Saved entries:
_ _ _ _ _ _ _

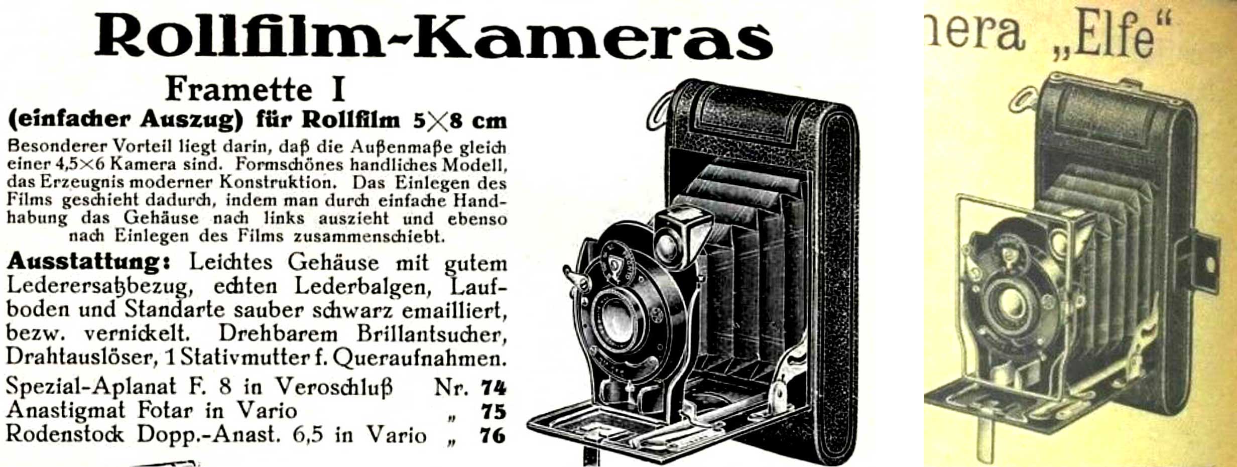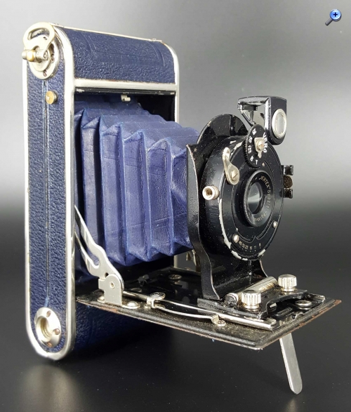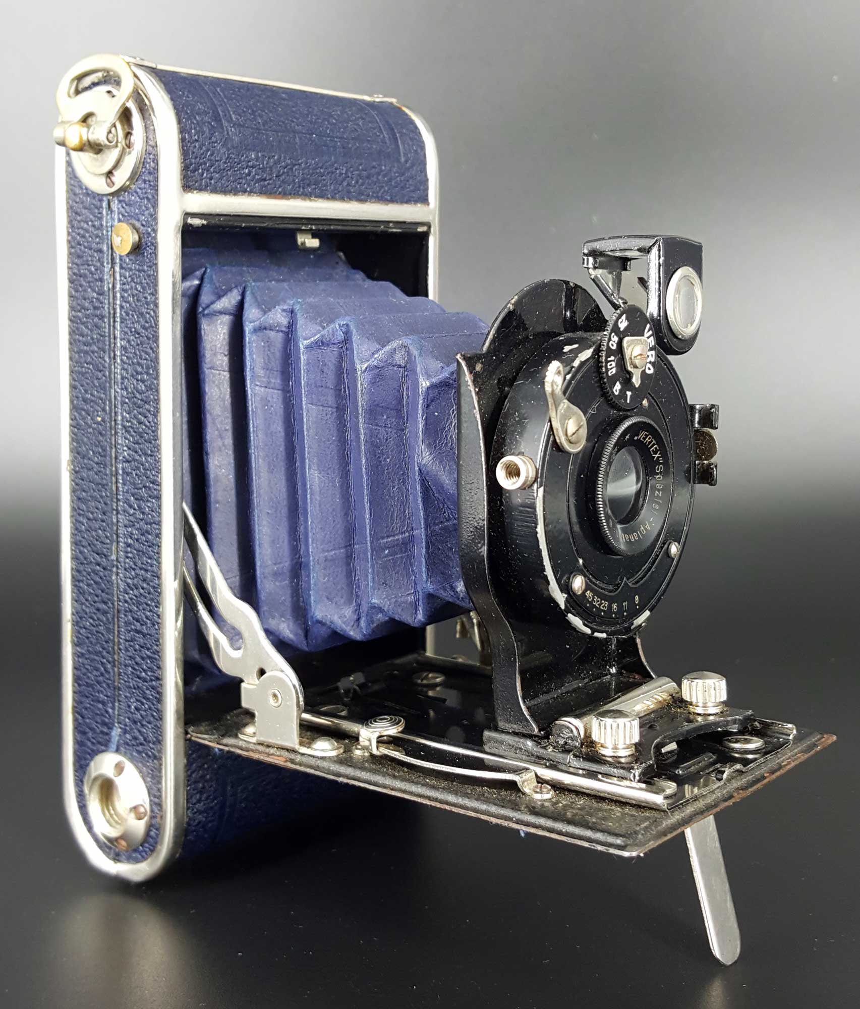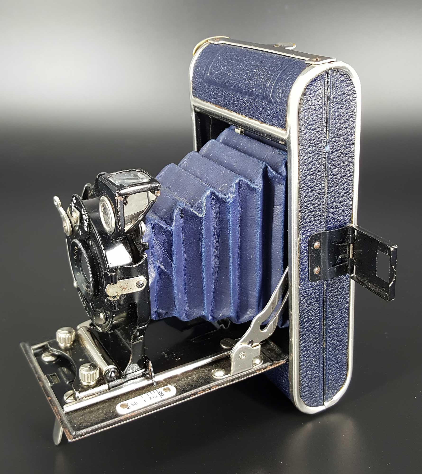 Hier sehen wir eine der oben schon erwähnten Luxus-Baldaretten in der Händlerversion Verette II. Ausgestattet ist dieses Exemplar mit einem „Vertex“ Spezial-Aplanat 8/8,5 im Vero-Verschluss. Diese Kamera stellt wahrscheinlich die letzte ‚Ausbaustufe‘ der Baldarette dar (mit Kippstandarte und Radialhebelfokussierung, der Drahtrahmen vom Sucher fehlt leider).
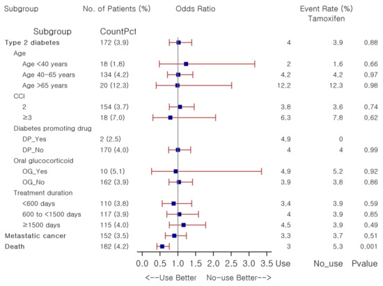 To explore potential risk factors associated with tamoxifen, the most frequently prescribed SERM agent, subgroup analyses were conducted using similar stratification methods as above by comparing 1:1 PS-matched tamoxifen users, irrespective of treatment duration, against non-users (Figure 2). No signal of increased risk of T2DM was observed in overall tamoxifen users as compared to non-users, nor in any of the strata per age, CCI, concomitant medications predisposing to diabetes, and treatment duration. Glycemic changes over the follow-up were not significantly different between groups: the mean change in fasting glucose and HbA1c was 4.3 ± 37.4 mg/dL versus 6.9 ± 43.7 mg/dL (p = 0.16) and 0.0 ± 0.5% versus 0.1 ± 0.7% (p = 0.66) in long-term users and non-users, respectively. Tamoxifen-receiving patients had a significantly lower risk of death than non-users (OR 0.56, p < 0.001), although metastatic cancer risk was not significantly different between groups. There was no significant risk of incident diabetes with tamoxifen use as compared to non-use. Detailed results are provided in Table S3.
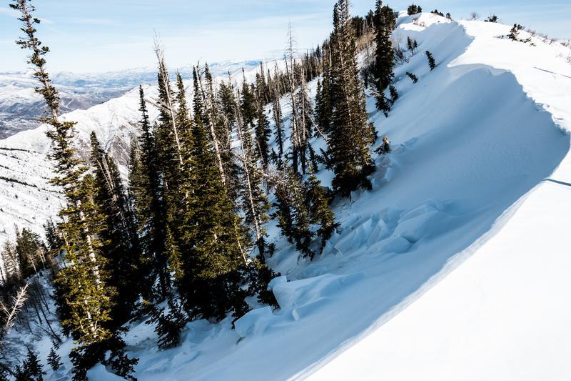 Just about everything steep that faces north through east looked like it had released; many were smaller, shallower looking pockets, some a fair bit bigger, and one monster off of the ridgeline that looked to have a crown near 6' high and had debris that ran all the way over the bench below and out of the frame of the photos. I included photos with and without crown lines highlighted in red, for clarity.
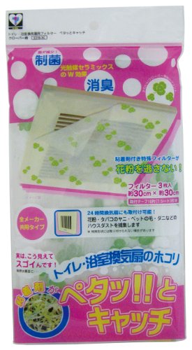 新北九州工業の浴室・トイレ用換気扇フィルターは、抗菌・消臭機能でハウスダストや花粉、PM2.5を防ぎます。日本製で、貼るだけの簡単設置。サイズは30cm、3枚入り。
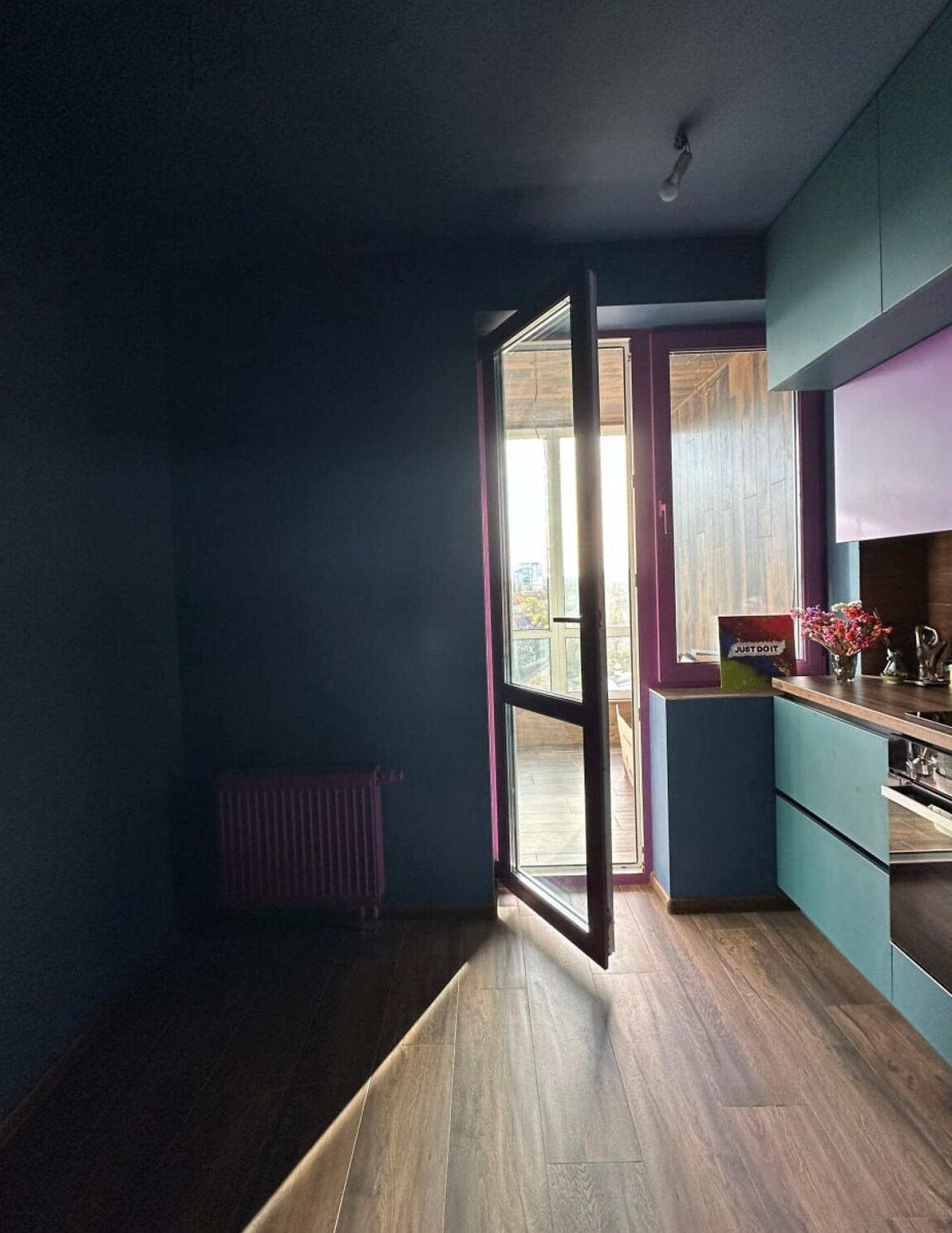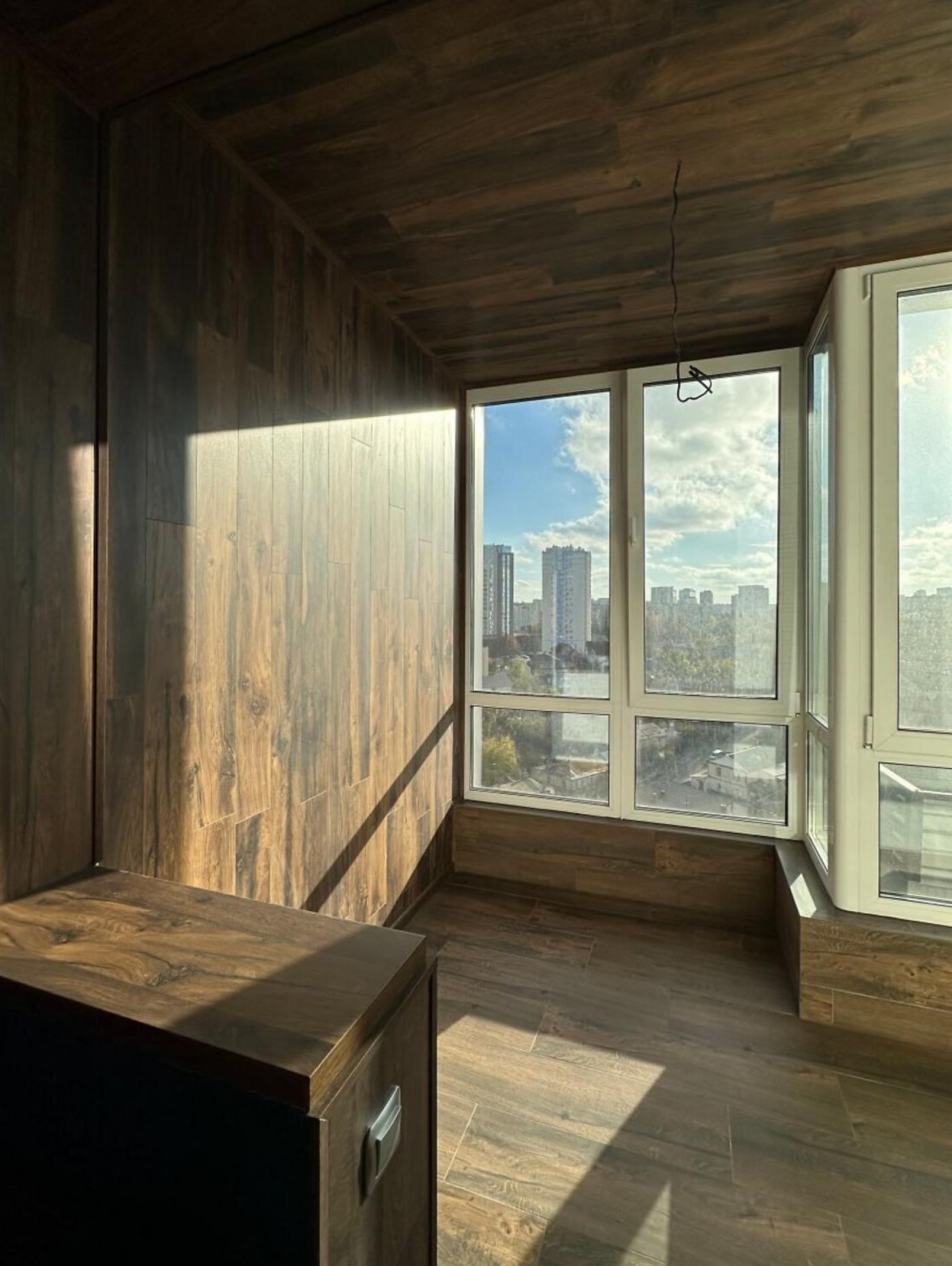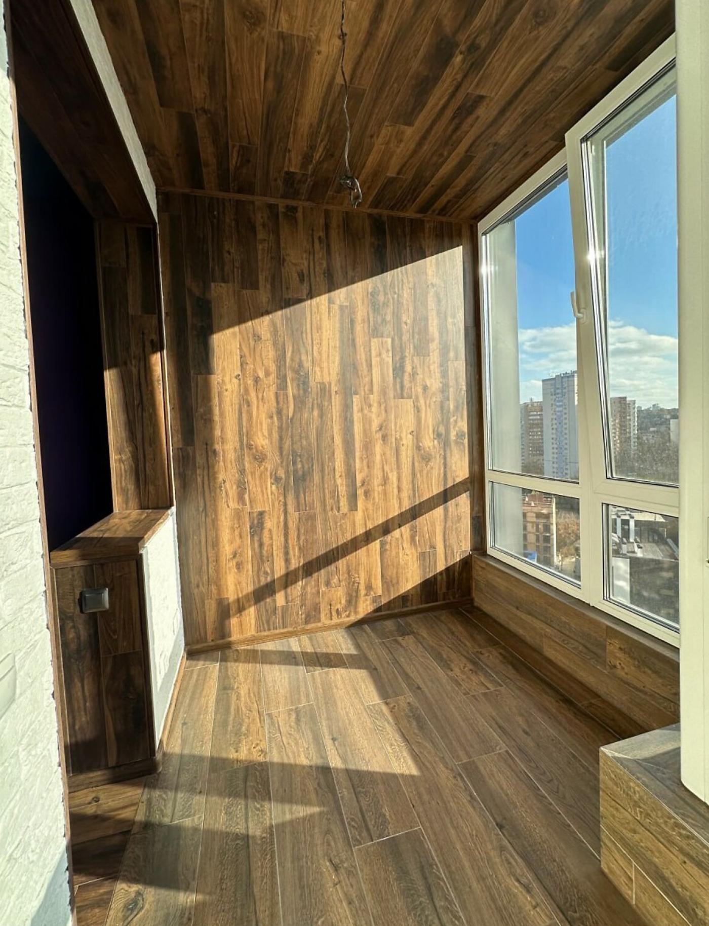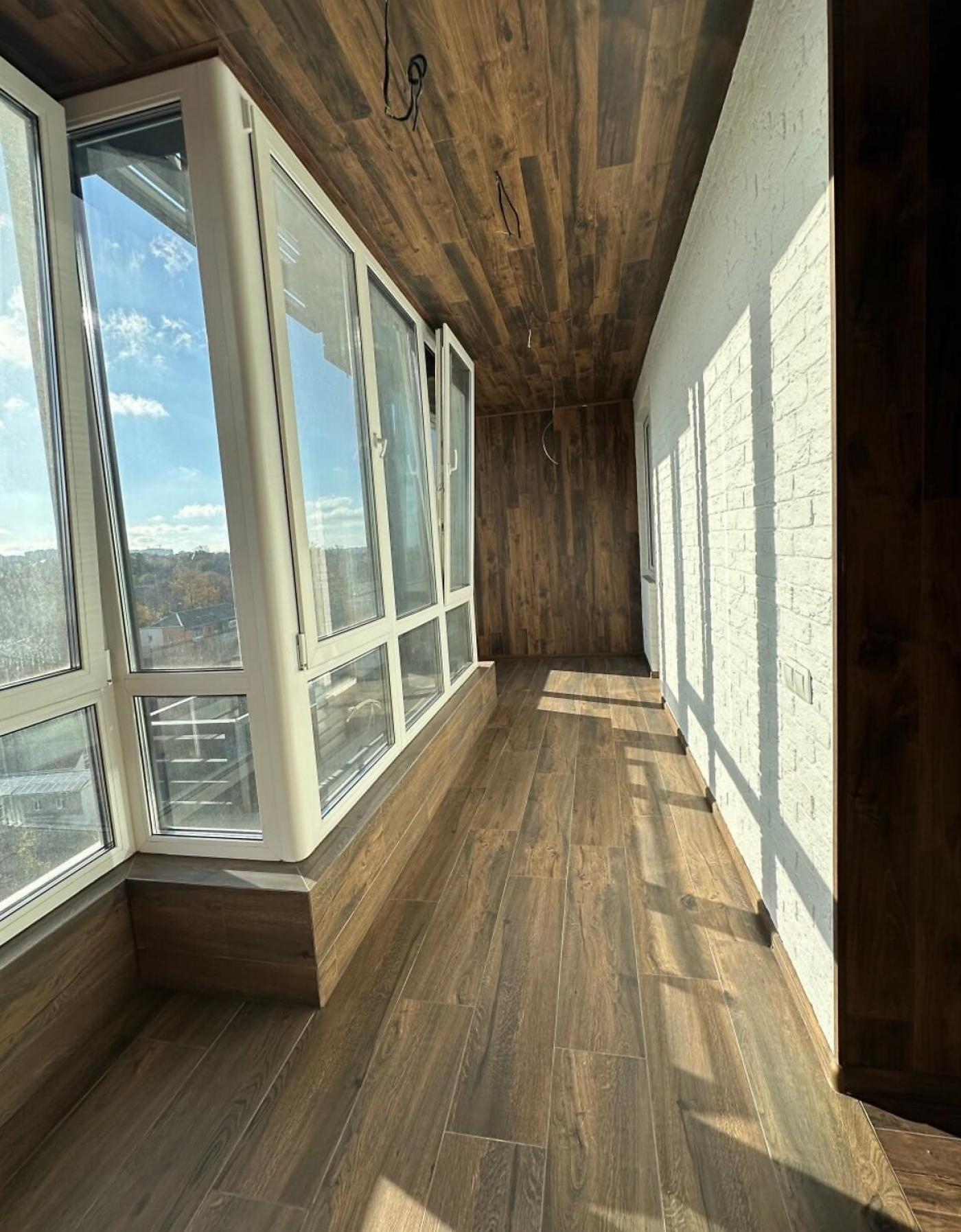 Лоджія — велика, з підігрівом підлоги, ідеально підходить для облаштування лаунж-зони, обіднього куточка або домашнього офісу. Кухонний гарнітур — місткий, з великою кількістю місця для зберігання.
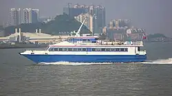 From Hong Kong and Shenzhen: There are several ferries per day from Hong Kong International Airport, HK-Macau Ferry Terminal (港澳码头; Gǎng'ào Mǎtóu; Hong Kong Island), China Ferry Terminal (中港城码头; Zhōnggǎng Chéngmǎtóu Kowloon) in Hong Kong and Shekou Ferry Terminal (蛇口港; Shékǒugǎng; Shekou) in Shenzhen arriving at the Jiuzhou Ferry Terminal (九洲港码头; Jiǔzhōugǎng Mǎtóu). There is a taxi rank and bus stops directly outside. You can take a free bus ride to Gongbei by showing your ferry ticket. Visas can be purchased here for most nationalities (not American citizens). Payment is in RMB only and the ATMs are through immigration so plan ahead.

_ _ _ _ _ _ _

WHAT YOU SHOULD DO:
Repeat the lines above exactly, beginning with the one containing "Just about everything" and finishing with the one containing "Лоджія — велика, з". No pictures belong in the copy.

TASK ANSWER:
 Just about everything steep that faces north through east looked like it had released; many were smaller, shallower looking pockets, some a fair bit bigger, and one monster off of the ridgeline that looked to have a crown near 6' high and had debris that ran all the way over the bench below and out of the frame of the photos. I included photos with and without crown lines highlighted in red, for clarity.
 新北九州工業の浴室・トイレ用換気扇フィルターは、抗菌・消臭機能でハウスダストや花粉、PM2.5を防ぎます。日本製で、貼るだけの簡単設置。サイズは30cm、3枚入り。
 Лоджія — велика, з підігрівом підлоги, ідеально підходить для облаштування лаунж-зони, обіднього куточка або домашнього офісу. Кухонний гарнітур — місткий, з великою кількістю місця для зберігання.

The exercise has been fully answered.